Director James Toback tackles legendary boxing champ Tyson in a new documentary
By PETER KEOUGH  |  April 29, 2009


VIDEO: Peter Keough interviews James Toback on Tyson

Review: Tyson. By Peter Keough.
In a way, James Toback is as daunting a figure in the film world as the subject of his documentary Tyson is in the ring. Tales have proliferated for three decades of his epic, sometimes feckless, womanizing, drug taking, drinking, and gambling.

As far as that last goes, however, he's done his most reckless gambling on the screen. Beginning with his strange, critically acclaimed debut, Fingers (1978), he's repeatedly shot the moon in features that have sometimes hit the jackpot of genius — my favorite being his harrowing, hilarious Two Girls and a Guy (1997) — and sometimes crapped out completely, like the ludicrously pretentious, aptly titled Exposed (1983).
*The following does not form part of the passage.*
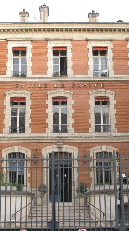 La place de la Banque –dite Jean Payra en 1937- fut aménagée tout près de la Porte de la République, ouverte en 1862 dans le rempart de la Ville-Neuve. Après la démolition des remparts, la façade de la Banque de France dessinée par l’architecte Claudius Trénet en 1876, inspirée du style Louis XIII, dialogua avec la Maison Duffau (Café la Rotonde), édifiée en 1908 sur les terrains des remparts arasés et avec le bâtiment qui lui fait face, œuvre plus moderne de Gustave Violet, orné de scènes de la vie rurale en bas-relief.

When it comes to self-indulgence and pathological behavior, however, Toback meets his match in Mike Tyson, the notorious heavyweight champion and his friend of 23 years. This is the second time Toback has filmed Tyson; the first was in Black and White (1999), when Robert Downey Jr. played a gay man hitting on Tyson, who was playing himself. Nobody told Tyson it was an act. The result is worth watching.

As it happens, I discussed this and Tyson with Toback at the Liberty Hotel, which used to be the Charles Street Jail.

You know this used to be a jail, right?
I do know that, and I have to say you don't know anyone more paranoid about prison than I am. Particularly after seeing Tyson talk about prison, which I think is among the side benefits of this movie, because it's a cautionary tale about spending a single day in prison. Because you think, "If Mike Tyson had that reaction to being in prison, how would I fare?"

Downey, meanwhile, was just out of rehab when you cast the two of them inBlack and White in that infamous scene.
Yes. Right. One out of rehab, the other out of jail.

You're kind of playing with fire when you do that sort of thing.
I like to. You know, I think particularly in a movie, you get some interesting effects when you have people when they're sane but have just been through an ordeal. And I think that that's what I was trying to do, and I've said about Downey that I don't know that he could ever do the kind of work he did in Two Girls and a Guy with the sort of smily fame and success that's coming to him now. I don't think it has ever served anyone well in terms of art or talent, although it's nice to have money and be famous and have everybody cater to you and say nice things.

This extremism is a common bond between you and Mike Tyson. When did you decide to pursue this movie?
I was shooting, not the famous scene [in Black and White] where Downey hits on Mike and then Mike smacks him and chokes him and slams him on the ground and then Brooke Shields hits on him and discombobulates him, but after that in the gym, when he's talking about being strip-searched and humiliated by prison guards to Power of Wu-Tang Clan, who was asking advice on whether to murder Allen Houston's character, who was about to rat on him and have him put in jail. And Mike says both "Yes, you should kill him" and "No, you shouldn't." He contradicts himself. And the way he talks meditatively and with a kind of Whitman-esque, paradoxical, double-direction inconsistency — I thought, "This Mike Tyson could be stretched into a very fascinating portrait." At the end of shooting that day, I said, "Why don't we do a whole movie of that sort?" Then he said, "Whenever you're ready, I'm ready."